Journalism—it’s not just for left wing intellectuals anymore!
Wait, let me untweet that—I was wrong.
So the correct answer is the truth, and the correct answer is the only one that conservatives will not accept.
He is a horrible American.
Hey, nobody is interested in the truth. It’s so, you know, boring!
Hannity speaking truth is a little like the confluence of the color green and the number eight. Occasionally you might see the number “8” in green, but it is a rare event.
Meh. It’s Sean Hannity, one of the world’s biggest ass warts – so what do you expect?
I’m confused. What makes this fake news story different from the thousands of other fake news stories Hannity has repeated and promoted on his show over the years?
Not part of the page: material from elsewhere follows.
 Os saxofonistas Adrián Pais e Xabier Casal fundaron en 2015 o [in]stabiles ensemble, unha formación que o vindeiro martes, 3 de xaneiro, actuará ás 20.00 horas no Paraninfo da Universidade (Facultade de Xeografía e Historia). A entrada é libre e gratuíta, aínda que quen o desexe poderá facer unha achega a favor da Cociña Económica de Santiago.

Why apologize for this one?
I’m sorry too, Sean … that you even exist.
Sean Hannity: Giving venereal warts a good reputation since 1961!™
Well, duh! Of course we’re “intellectual,” – we’re elitist!
Hannity can get in line behind Comey when dropping off humble apologies at the suggestion box.
Ode to Sean Hannity
by John Cleese
Aping urbanity
Oozing with vanity
Plump as a manatee
Faking humanity
Journalistic calamity
Intellectual inanity
Fox Noise insanity
You’re a profanity
Hannity
Well, he did nothing wrong. It’s a woman’s fault, of course.
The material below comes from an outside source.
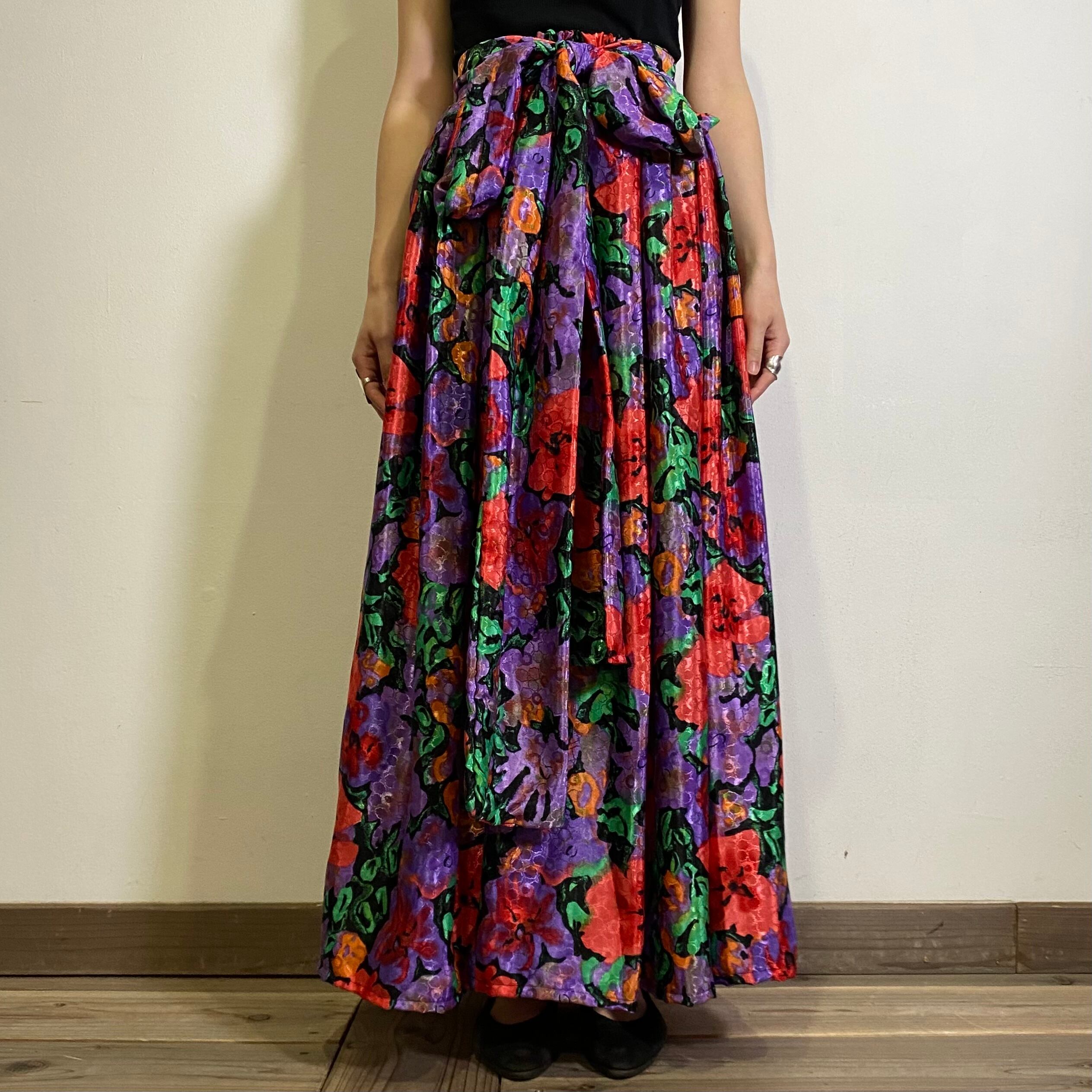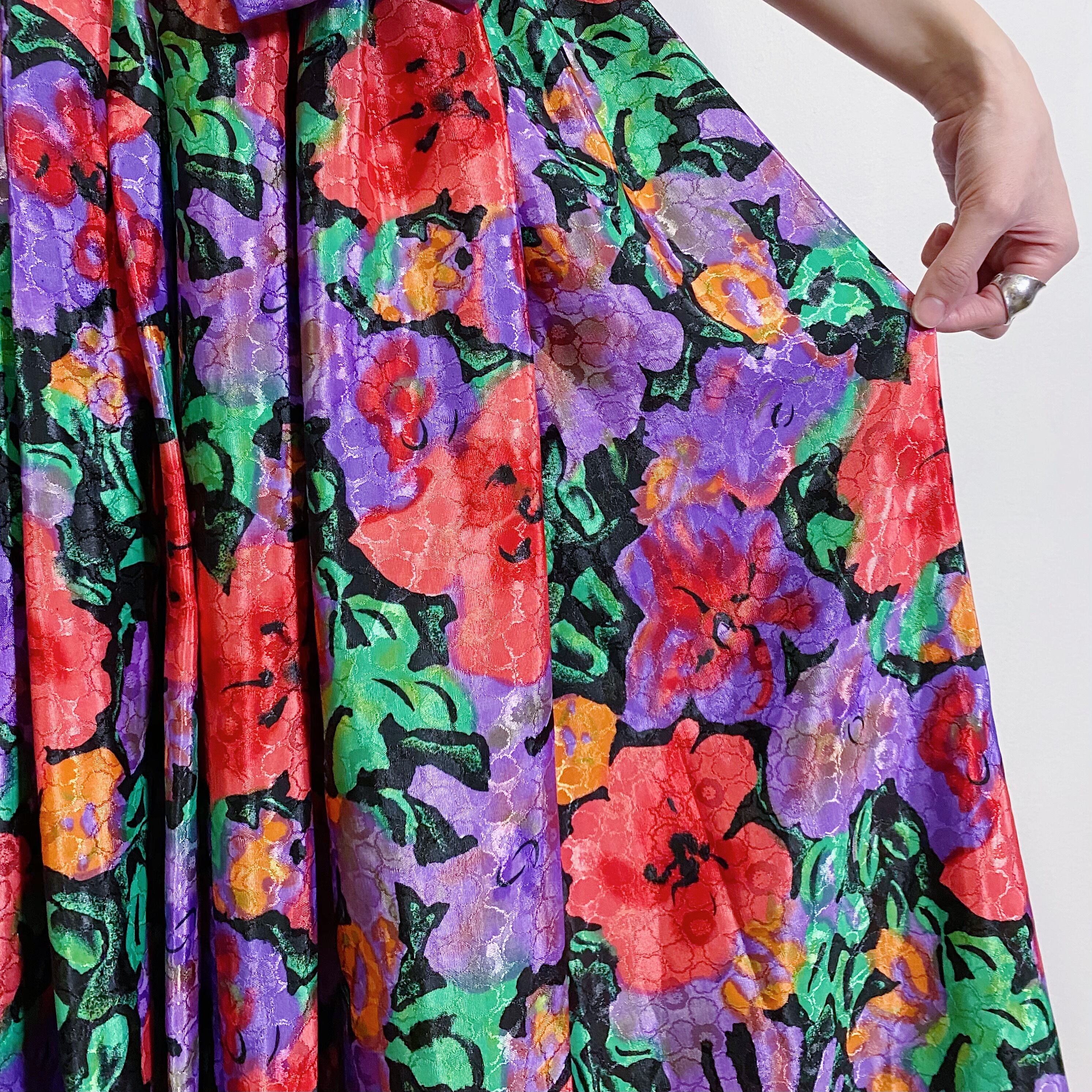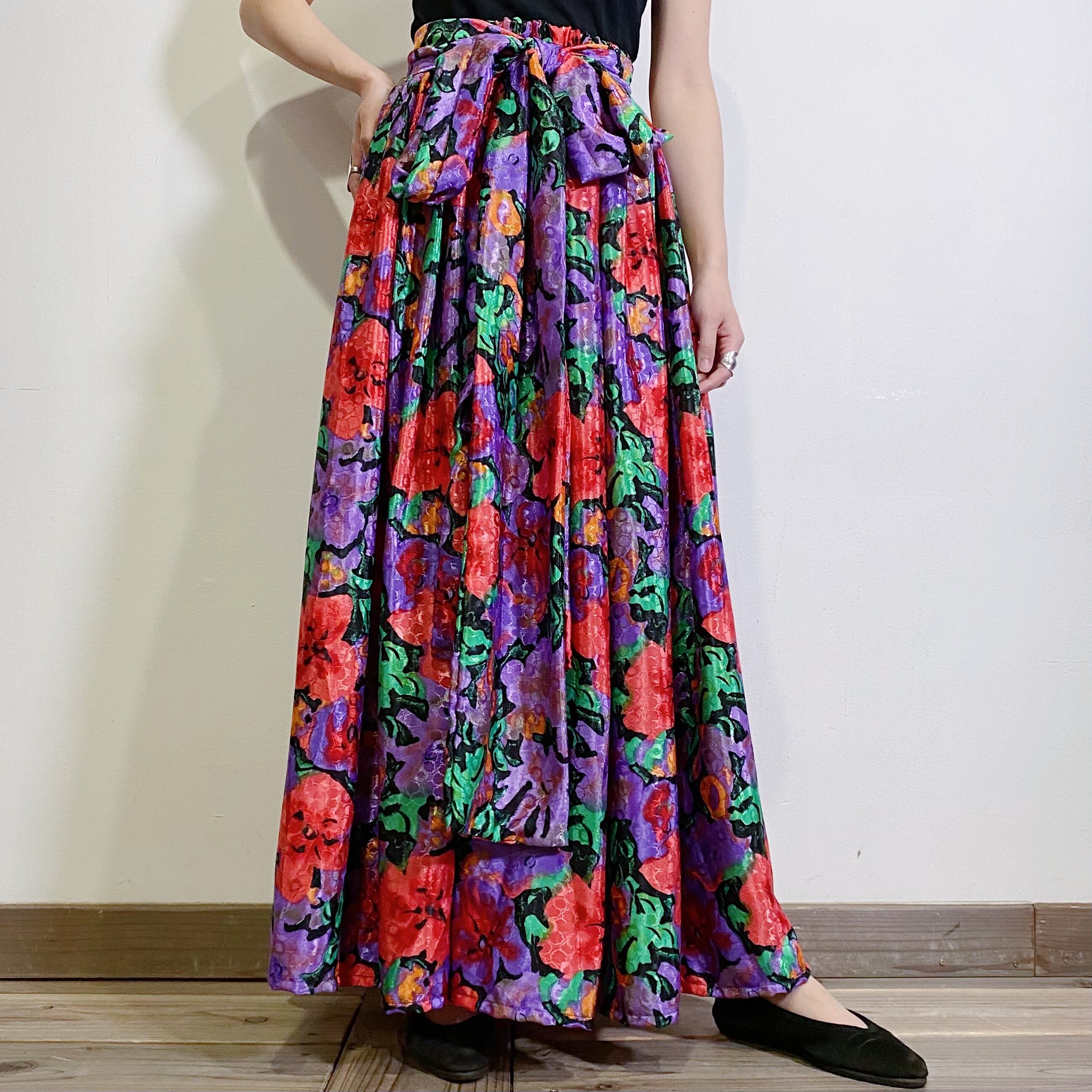 赤や紫の水彩画タッチの花柄が可愛い、80年代のスカートです。

(Is that “woman’s voice” still working for him?)
OMG. If you’ve ever dipped one toe in online news aggregation you know that the Gateway Pundit aka Jim Hoft aka The Dumbest Man on the Internet is absolutely the most credulous, gullible person out there. It’s like color blindness; he simply doesn’t have the ability to ask himself if a thing sounds maybe just a bit implausible and too good to be true. Hannity, of course, is the Second Dumbest Man on the Internet.
Yearning for the days of Walter Cronkite, Huntley Brinkley and others that routinely confirmed multiple sources and practiced actual journalism
In six days, America could elect its first Nazi president.
HRC, where’s the oppo bomb we need to end all of this?
Well, didn’t Wall Street Journal editor Bret Stephens call Hannity Fox New’s dumbest anchor and one of Trump’s “media munchkins”? I’d say he nailed it.
Maybe it’s a coping mechanism but whenever I see his first name, it becomes a phonetic anagram: A-nes.
Sean made a correction: “I bumbly apologize.”
Such is the peril of being a geezer. You remember
A time when Walter Cronkite was the most trusted man in America
Name one TEEVEE news reader who you trust to say anything other than what the corporate tells them is the agenda of the day.